Sitting at the bedside of a loved one who is quietly slipping from this life, not quite fully alive, but neither have they yet died – a process of translation from one life to the next underway, but not complete.
Standing on the edge of the baptistery, committed following the ways of Christ, but not yet immersed into the waters and raised to walk in newness of life.
You well know these spaces of liminality in your own lives.
And in each of today’s lectionary texts, I came to see see liminal space described.
In the Proverb’s Ode to Woman Wisdom – in the Greek, we call her “Sophia” – it is in her very location: “Does not wisdom call, and does not understanding raise her voice? On the heights, beside the way, at the crossroads she takes her stand; beside the gates in front of the town, at the entrance of the portals she cries out.” And then Sophia herself speaks: “To you, O people, I call, and my cry is to all that live.”

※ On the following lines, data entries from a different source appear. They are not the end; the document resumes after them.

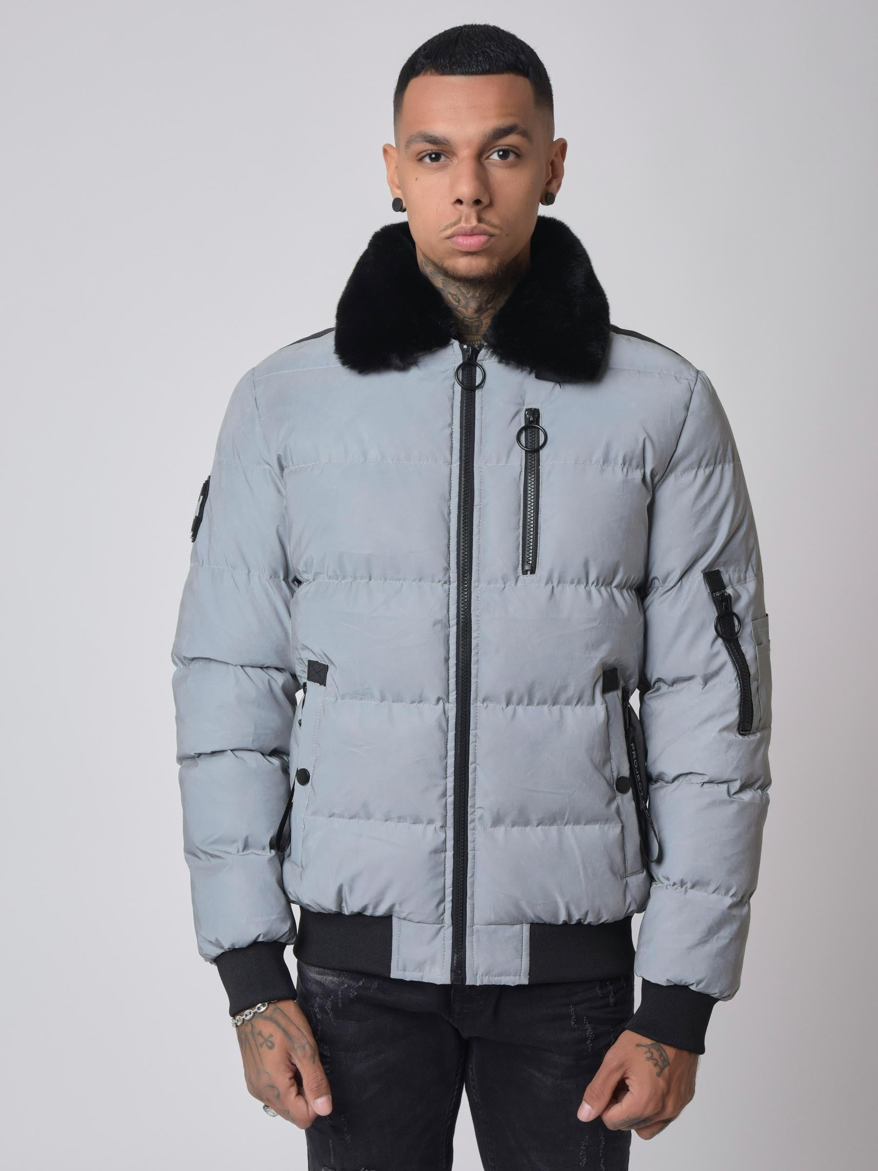 Col aviateur faussure fourrure Matelassage Fermeture et poches zippées rond Sangles logotés Project X Paris aux poches Finition bords-côtes Détail bandes contrastés aux épaules Patch logo sur la manche 100%Polyester Le mannequin mesure 1.85m pour 80kg et porte du L
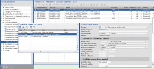 A Raktár-irányítási rendszer alkalmassá vált Bolthálózatok komissióutasításainak egyszerű kezelésére.
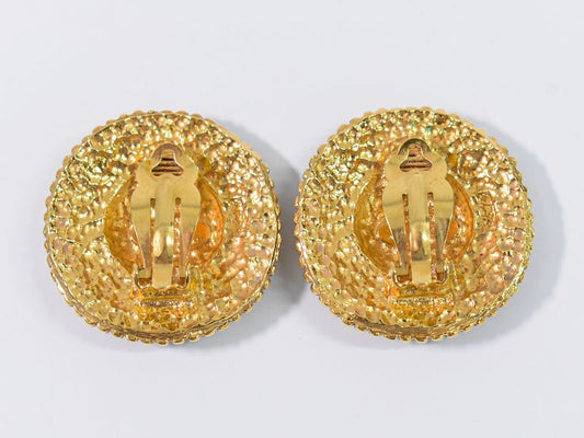 Authentic Chanel Coco Mark Rhinestone Earrings GP Gold Plated Coco Mark
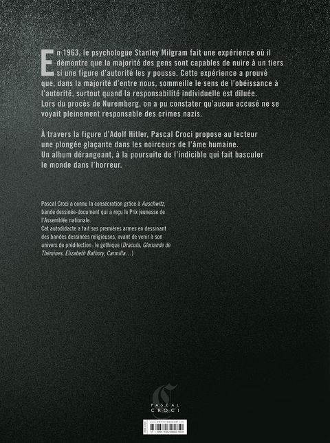 À travers la figure d'Adolphe Hitler, Pascal Croci propose au lecteur une véritable plongée dans les noirceurs de l'âme humaine. Un album dérangeant, fort, à la poursuite de l'indicible et du petit rien qui fait basculer un monde dans l'horreur.

One commentator says of ancient city gates, “These ‘openings’ of the city are places of encounter, where life’s basic transactions and transitions occur. Here decisions are made and people ‘enter into’ new situations and embark on new journeys. Where thresholds are crossed and the issues of life decided, there Wisdom takes her stand and speaks.”[3]
In the Romans text, Paul writes to a church fully committed to the ways of Christ, immersed in the Baptismal waters, but awaiting the fulfillment of a promise. Fully committed the way of Peace taught by Jesus through Paul, but currently suffering as a church in the heart of Rome, knowing only the peace wrought through violence at the hands of the Empire, and hoping against hope for a greater Peace to come.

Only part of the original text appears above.